Allogeneic Therapy Segment is Expected to Rise Significantly due to Increasing Popularity of Stem Cell Banking

Allogeneic therapy segment has emerged as the dominant force in the stem cell therapy market, commanding a substantial market share of 59.14% in 2022. This remarkable growth can be attributed to several key factors. Firstly, allogeneic therapies often come with higher pricing, contributing significantly to revenue generation. Moreover, the increasing popularity of stem cell banking, which involves collecting and storing allogeneic stem cells for potential future use, has driven demand for these therapies.

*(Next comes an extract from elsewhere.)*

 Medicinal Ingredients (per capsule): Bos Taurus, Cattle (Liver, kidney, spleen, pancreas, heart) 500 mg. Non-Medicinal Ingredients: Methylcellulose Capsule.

The market in North America has firmly established its dominance in the stem cell therapy market, commanding the largest revenue share at 44.56% in 2022. One key driver is the presence of innovative companies and major regional market players. North America is home to a robust and dynamic biotechnology and pharmaceutical industry, fostering stem cell therapy product development, production, and commercialization.

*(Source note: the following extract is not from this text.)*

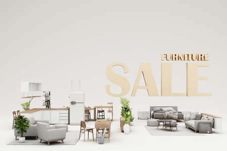 interior design concept Sale of home decorations and furniture During promotions and discounts, it is surrounded by beds, sofas, armchairs and advertising spaces banner. pastel background. 3d render

Autologous Therapy Segment is Expected to Dominate Market Due to Lower Risk of Complications

Autologous therapy segment is poised to experience significant growth over the forecast period, and several key factors contribute to this trajectory in the stem cell therapy market. One primary driver is the lower risk of complications associated with autologous treatments, as these therapies utilize a patient's stem cells, minimizing the chances of immune rejection or adverse reactions. Additionally, autologous therapies are often more affordable and accessible for patients, making them attractive.

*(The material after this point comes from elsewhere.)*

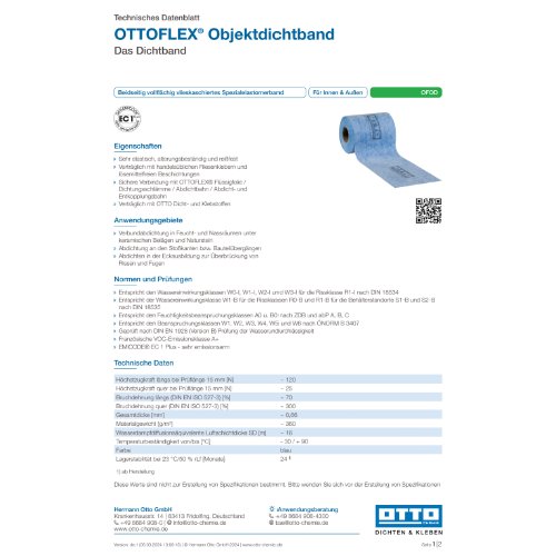 TITEL: OTTOFLEX® Objektdichtband - Das Dichtband###ANWENDUNGSGEBIETE: Verbundabdichtung in Feucht- und Nassräumen unter keramischen Belägen und Naturstein;Abdichtung an den Stoßkanten bzw. Bauteilübergängen;Abdichten in der Eckausbildung zur Überbrückung von Rissen und Fugen###EIGENSCHAFTEN: Sehr elastisch, alterungsbeständig und reißfest;Verträglich mit handelsüblichen Fliesenklebern und lösemittelfreien Beschichtungen;Sichere Verbindung mit OTTOFLEX® Flüssigfolie / Dichtungsschlämme / Abdichtbahn / Abdicht- und Entkopplungsbahn;Verträglich mit OTTO Dicht- und Klebstoffen###NORMEN UND PRÜFUNGEN: Entspricht den Wassereinwirkungsklassen W0-I, W1-I, W2-I und W3-I für die Rissklasse R1-I nach DIN 18534;Entspricht der Wassereinwirkungsklasse W1-B für die Rissklassen R0-B und R1-B für die Behälterstandorte S1-B und S2-B nach DIN 18535;Entspricht den Feuchtigkeitsbeanspruchungsklassen A0 u. B0 nach ZDB und abP A, B, C;Entspricht den Beanspruchungsklassen W1, W2, W3, W4, W5 und W6 nach ÖNORM B 3407;Geprüft nach DIN EN 1928 (Version B) Prüfung der Wasserundurchlässigkeit;Französische VOC-Emissionsklasse A+;EMICODE® EC 1 Plus - sehr emissionsarm

Regional market in the Asia Pacific region is poised to become a significant growth driver in the stem cell therapy market, with a projected CAGR of 16.09% expected from 2023 to 2030. The region boasts a robust product pipeline of stem cell-based therapies, with ongoing research and development initiatives driving innovation.

A comprehensive analysis of the major players in the stem cell therapy market has been recently conducted. The report encompasses various aspects of the market, including collaborations, mergers, innovative business policies, and strategies, providing valuable insights into key trends and breakthroughs in the market. Furthermore, the report scrutinizes the market share of the top segments and presents a detailed geographic analysis. Lastly, the report highlights the major players in the industry and their endeavors to develop innovative solutions to cater to the growing demand.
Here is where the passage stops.